Alcuni degli arrestati nell’operazione antimafia dei carabinieri, che ha colpito i clan mafiosi delle Madonie, non sono accusati solo di estorsioni e traffico di droga, ma anche di abusi sessuali nei confronti di una minorenne e maltrattamenti in famiglia. Sono padre e figlio, Giuseppe e Pino Rizzo, e avrebbero commesso reati che i mafiosi hanno sempre ritenuto, secondo il loro «codice d’onore», tra i più deprecabili.

Pino Rizzo, 54 anni, ritenuto lo storico esponente del mandamento di Cerda e della famiglia di Campofelice di Roccella, è accusato, infatti, di avere abusato di una quindicenne con cui aveva anche legami famigliari. Suo padre, Giuseppe Rizzo, 84 anni, avrebbe invece ripetutamente picchiato, insultato e vessato la moglie e la figlia solo perché gli avrebbero cucinato troppo spesso pasta e lenticchie e perché avevano osato affacciarsi al balcone. È quanto emerge dall’ordinanza di custodia cautelare emessa dal gip Fabio Pilato che ha portato a 13 arresti.

L’indagine è stata coordinata dal procuratore aggiunto Paolo Guido. Il giudice ha ritenuto provati entrambi i reati: la violenza sessuale sulla ragazzina è stata ripresa il 28 luglio del 2021 da una telecamera installata dagli inquirenti, mentre i maltrattamenti in famiglia emergono da una serie di intercettazioni effettuate tra il 2 aprile 2020 e il 31 gennaio 2021.

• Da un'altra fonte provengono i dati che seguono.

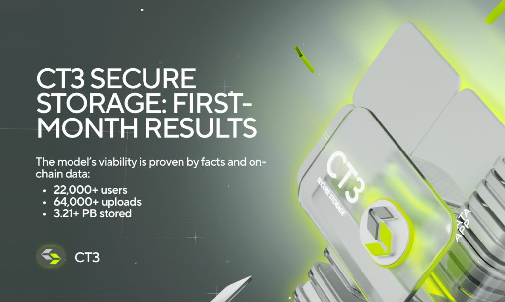 CT3 Secure Storage, una plataforma de almacenamiento descentralizado, ha reportado cifras significativas en su primer mes de operación, alcanzando más de 3.21 petabytes de datos almacenados y superando los 22,000 usuarios únicos, según anunció la compañía el 25 de febrero de 2026 desde Londres, Reino Unido. Estos resultados de almacenamiento descentralizado posicionan a la plataforma como un competidor emergente en el sector de soluciones de almacenamiento en la nube basadas en blockchain.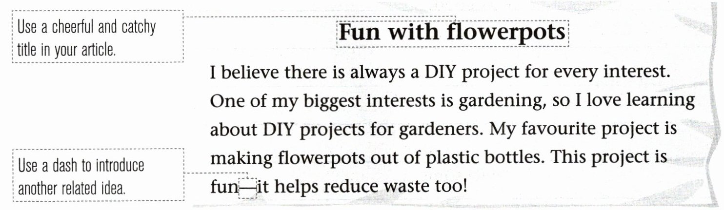 A Amy is writing about how to make flowerpots. Read her article and learn how to write about a DIY project.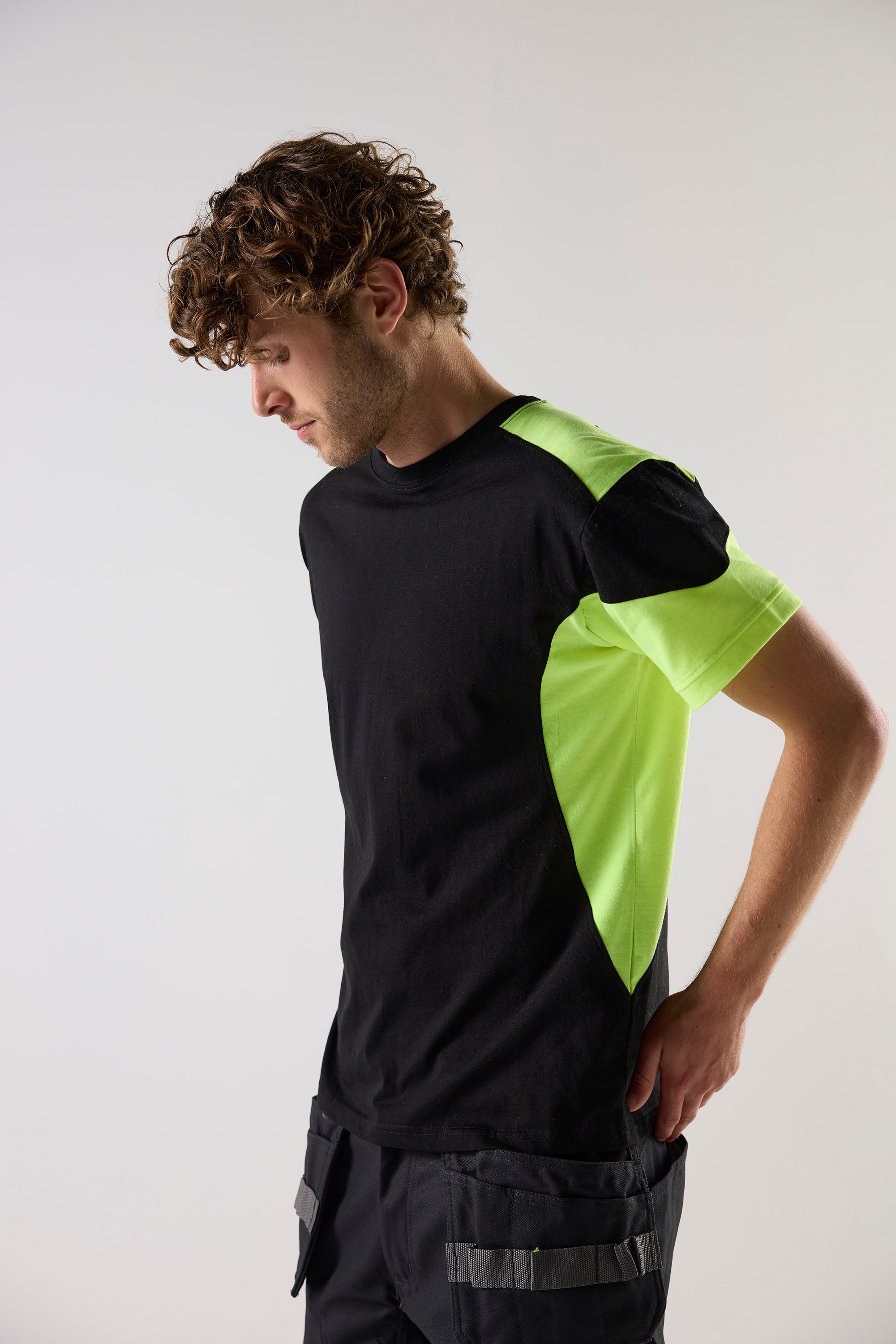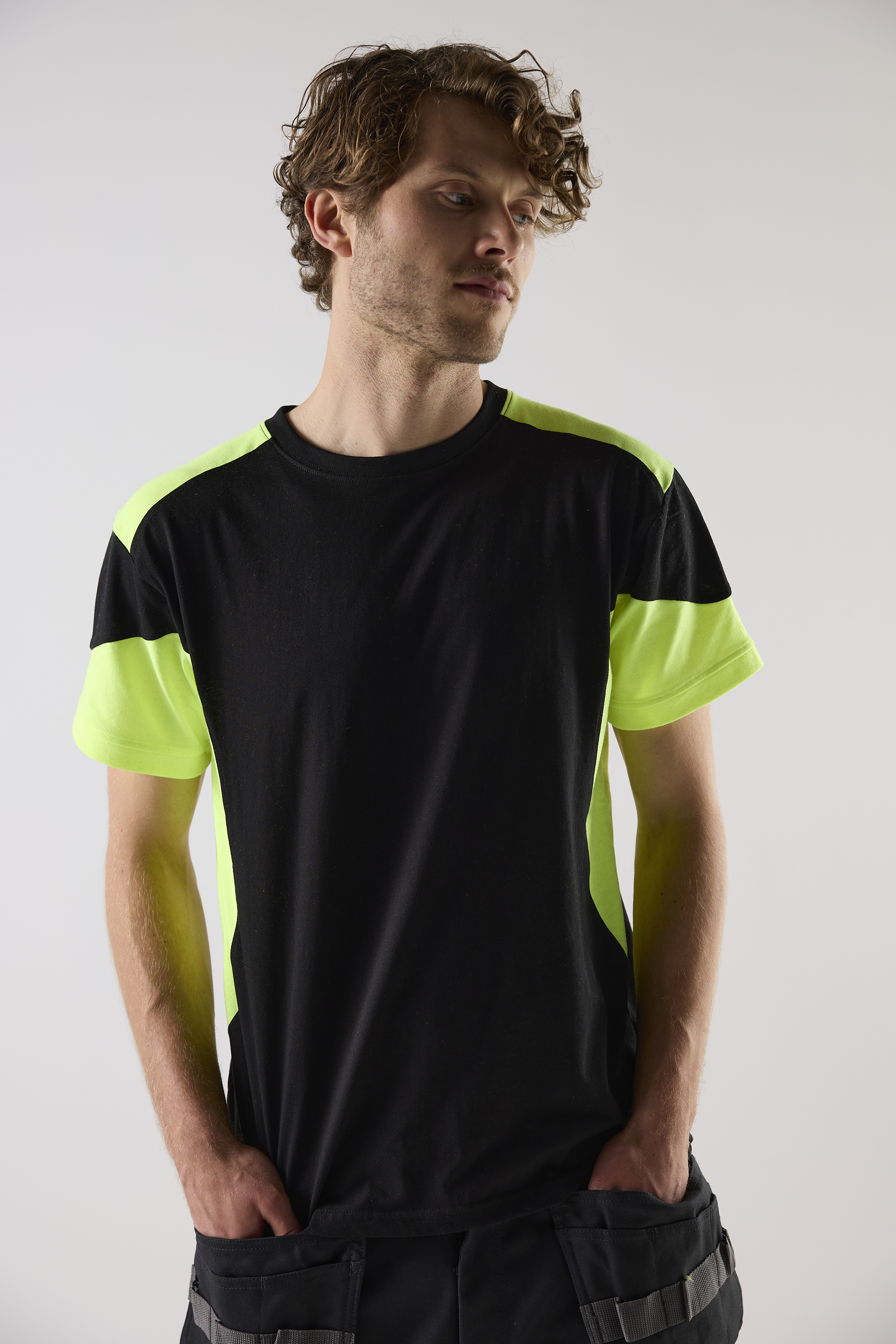 T-shirt med øget synlighed fra Top Swede. Rund hals og dobbelt nakkebånd med elastan. Fremstillet af bomuld og polyester for komfort og holdbarhed. Ideel til arbejde inden for byggeri og industri.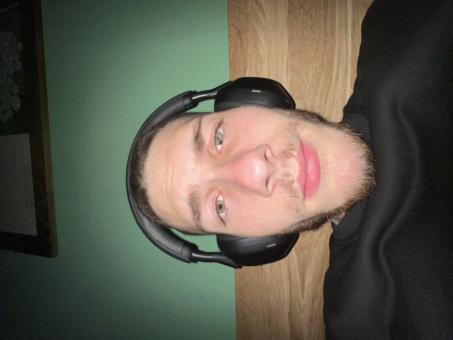 The scene depicts a male individual in a close-up, head-and-shoulders shot, situated indoors in Hà Nội, Vietnam. The subject, a young adult male, possesses fair skin, light brown hair styled short, and a light brown beard and mustache. He has light-colored eyes, possibly green or hazel, and his nose appears slightly reddened. He wears black over-ear headphones and a black long-sleeved top, possibly a sweatshirt. His facial expression is neutral, with lips slightly parted. Behind the individual, a light-colored wooden headboard or wall paneling is visible, horizontally oriented. Above this, a solid teal-green wall occupies the upper background. A framed item, partially visible in the top center, hangs on the teal wall; its specific content is indistinguishable. The lighting is moderate, highlighting the subject. No other individuals or direct interactions are observed. The environment suggests a private room, likely a bedroom.
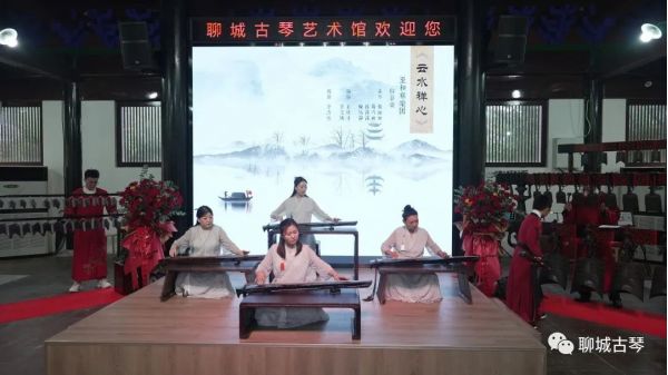 揭牌儀式后,各位領(lǐng)導(dǎo)和與會嘉賓一同觀看了由古琴學(xué)會-至和雅樂團(tuán)精心編排演繹的節(jié)目:鐘磬樂《云水禪心》,小合唱《春風(fēng)十萬里》,器樂合奏《紅歌頌黨》。
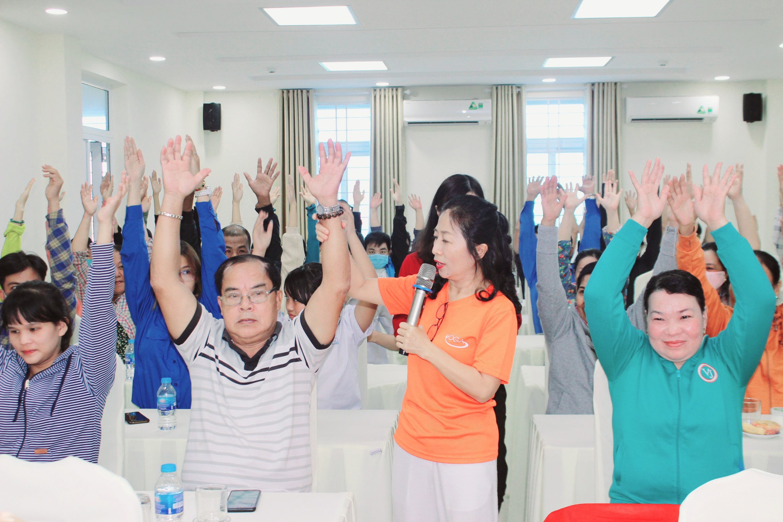 | Bà Phan Mai Hương hướng dẫn những người tham dự thiền trà các động tác thể dục Thân - Tâm - Trí mỗi ngày. |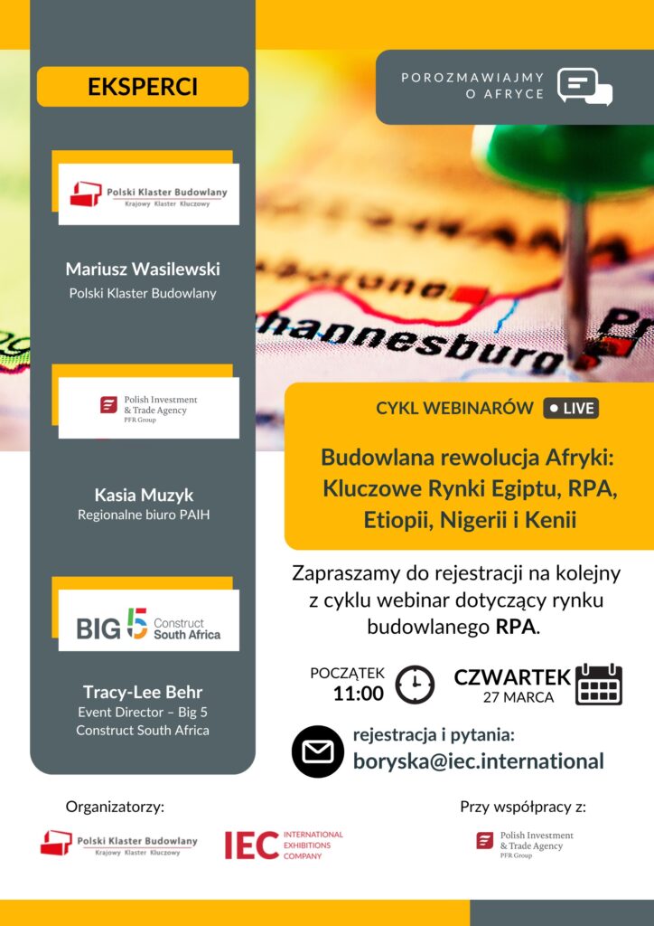Cykl webinarów Budowlana rewolucja Afryki – Kluczowe Rynki Egiptu, RPA, Etiopii, Nigerii i Kenii, który IEC International organizuje wspólnie z Polskim Klastrem Budowlanym.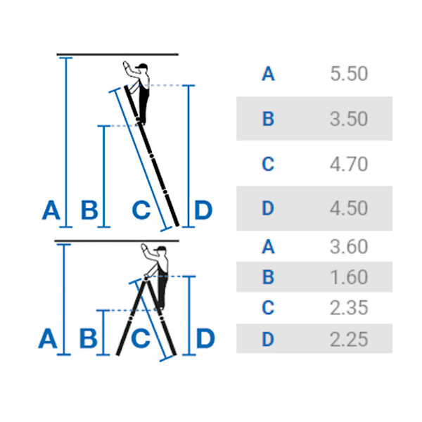 Višina samostoječ dvodelni "A" način (vertikala): 2,25 m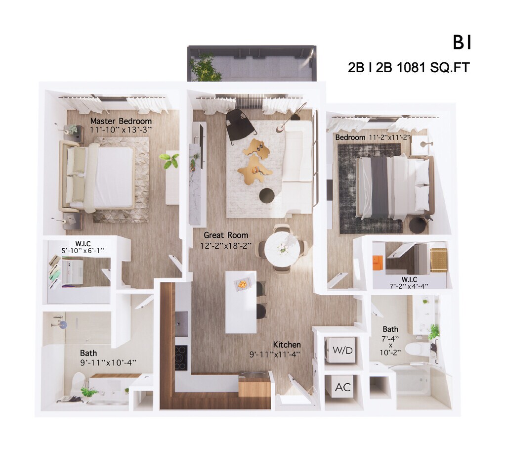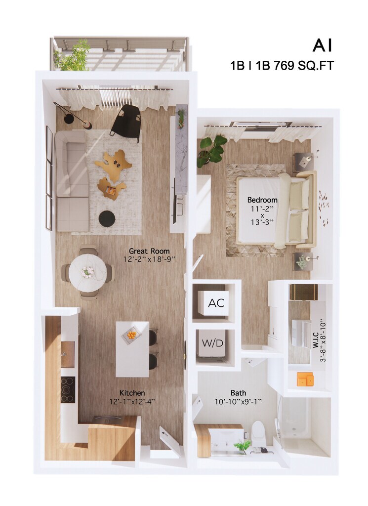 1 Dormitorio, 1 Baño, 769 pies²Disponible AhoraGalería del Modelo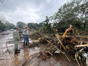 Desde las primeras horas de este día, brigadas de auxilio respaldadas por maquinaria pesada y camiones de volteo trabajan en los puntos críticos de la comunidad. El objetivo principal es la liberación de los accesos principales, los cuales se encontraban bloqueados por el arrastre de lodo, sedimentos y escombros.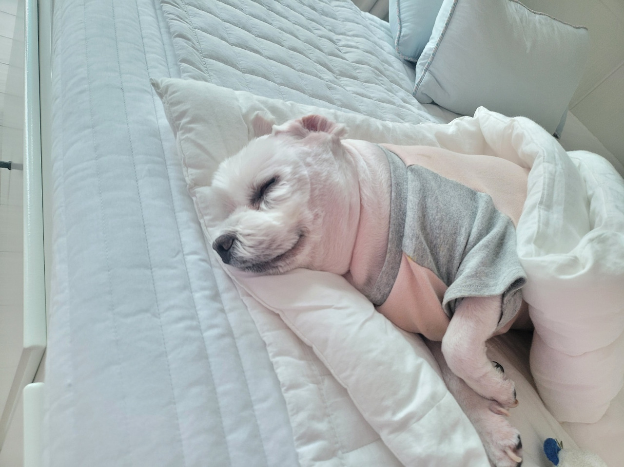 새벽 5시면 뽀가 일어나 물을 마시고 쉬를 하고 다시 침대로 돌아온다.

Secondo la Procura, Pino Rizzo avrebbe toccato più volte il seno alla quindicenne. «L'ipotesi - conferma il gip - è confermata non soltanto dal contenuto delle conversazioni in cui esplicitamente si commentava l’indegno comportamento di Rizzo, ma soprattutto dai filmati registrati dalla videocamera installata nel terreno di Campofelice in uso a Pino Rizzo unitamente all’audio captato dalle periferiche occultate in quel sito». Nelle immagini, girate alle 16.59 del 28 luglio del 2021, si vedrebbe Rizzo molestare la ragazza e poi la vittima indietreggiare per sottrarsi alla violenza. Il padre, invece, avrebbe ripetutamente picchiato la moglie e la figlia, insultandole. «Cosa inutile», «put...»: questi alcuni degli appellativi che avrebbe utilizzato, non esitando - secondo l'accusa - a prendere a schiaffi, calci e pugni nel viso la figlia, oltre a stringerle il collo, provocandole lividi ed escoriazioni, ma anche picchiando la consorte, arrivando a gettarla sul letto e costringendola a rapporti sessuali non consensuali. «Cafudda, cafudda (picchia ndr) sempre», dicevano le due donne, riferendo anche di comportamenti che Rizzo avrebbe imposto loro, minacciandole di rappresaglie nel caso in cui avessero trasgredito.